● **What is required**: Below is a listing from which only part is wanted; return exactly the lines from the one with "かっこいい デート OP-059KJ" up to and including the one with "24直播11月10日讯 11".

● **Task material**:
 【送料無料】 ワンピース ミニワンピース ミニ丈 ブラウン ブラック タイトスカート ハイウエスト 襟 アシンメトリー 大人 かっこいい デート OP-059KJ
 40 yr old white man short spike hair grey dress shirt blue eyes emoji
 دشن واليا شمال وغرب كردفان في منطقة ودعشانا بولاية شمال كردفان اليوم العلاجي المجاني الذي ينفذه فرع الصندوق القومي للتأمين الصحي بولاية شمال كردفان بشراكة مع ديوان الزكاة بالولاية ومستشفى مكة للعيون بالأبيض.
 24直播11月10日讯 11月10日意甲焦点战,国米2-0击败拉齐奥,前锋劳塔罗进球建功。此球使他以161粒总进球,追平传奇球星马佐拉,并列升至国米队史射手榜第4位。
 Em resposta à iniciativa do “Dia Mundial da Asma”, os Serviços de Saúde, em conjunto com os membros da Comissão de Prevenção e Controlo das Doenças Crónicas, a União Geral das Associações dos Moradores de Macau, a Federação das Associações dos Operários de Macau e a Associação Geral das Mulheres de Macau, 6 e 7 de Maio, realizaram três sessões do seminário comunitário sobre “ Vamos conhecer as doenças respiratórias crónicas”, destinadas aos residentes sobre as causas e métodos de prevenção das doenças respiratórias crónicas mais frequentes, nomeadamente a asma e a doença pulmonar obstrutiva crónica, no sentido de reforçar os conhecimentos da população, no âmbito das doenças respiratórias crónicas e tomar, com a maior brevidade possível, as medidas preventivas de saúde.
---
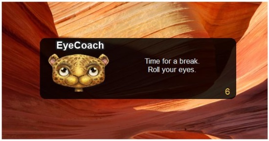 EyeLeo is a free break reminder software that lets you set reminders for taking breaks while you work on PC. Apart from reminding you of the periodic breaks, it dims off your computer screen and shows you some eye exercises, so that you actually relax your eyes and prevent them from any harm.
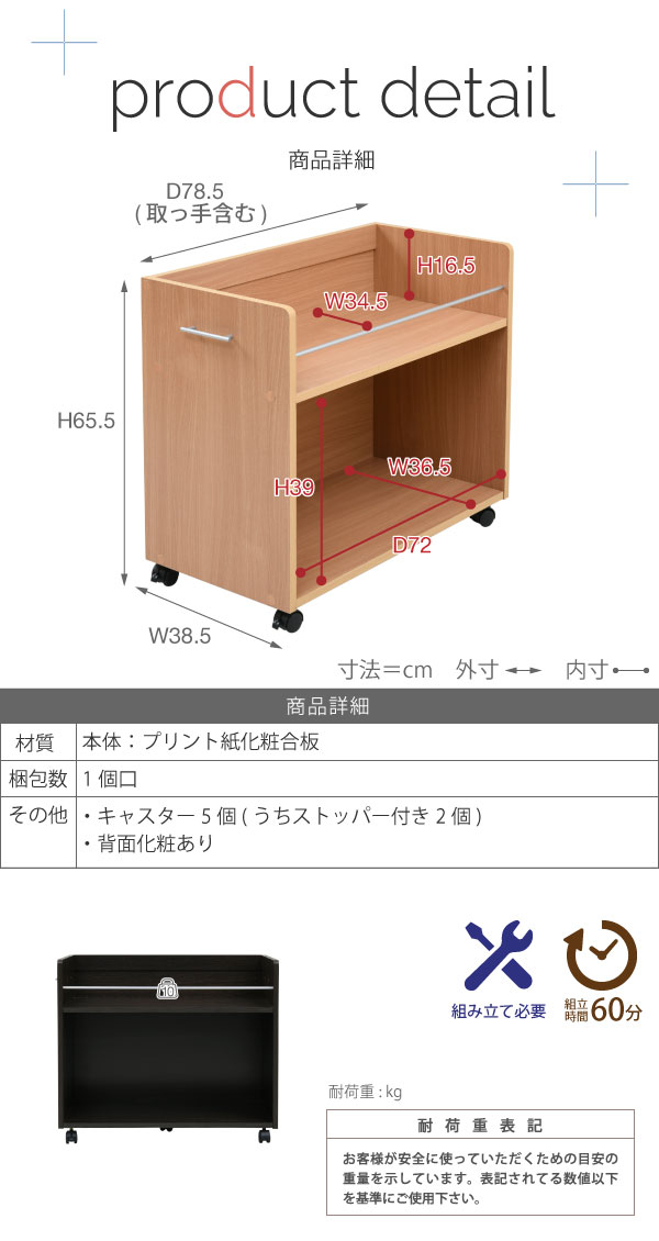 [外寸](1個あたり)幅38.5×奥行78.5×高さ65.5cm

● **Result of the exercise**:
 【送料無料】 ワンピース ミニワンピース ミニ丈 ブラウン ブラック タイトスカート ハイウエスト 襟 アシンメトリー 大人 かっこいい デート OP-059KJ
 40 yr old white man short spike hair grey dress shirt blue eyes emoji
 دشن واليا شمال وغرب كردفان في منطقة ودعشانا بولاية شمال كردفان اليوم العلاجي المجاني الذي ينفذه فرع الصندوق القومي للتأمين الصحي بولاية شمال كردفان بشراكة مع ديوان الزكاة بالولاية ومستشفى مكة للعيون بالأبيض.
 24直播11月10日讯 11月10日意甲焦点战,国米2-0击败拉齐奥,前锋劳塔罗进球建功。此球使他以161粒总进球,追平传奇球星马佐拉,并列升至国米队史射手榜第4位。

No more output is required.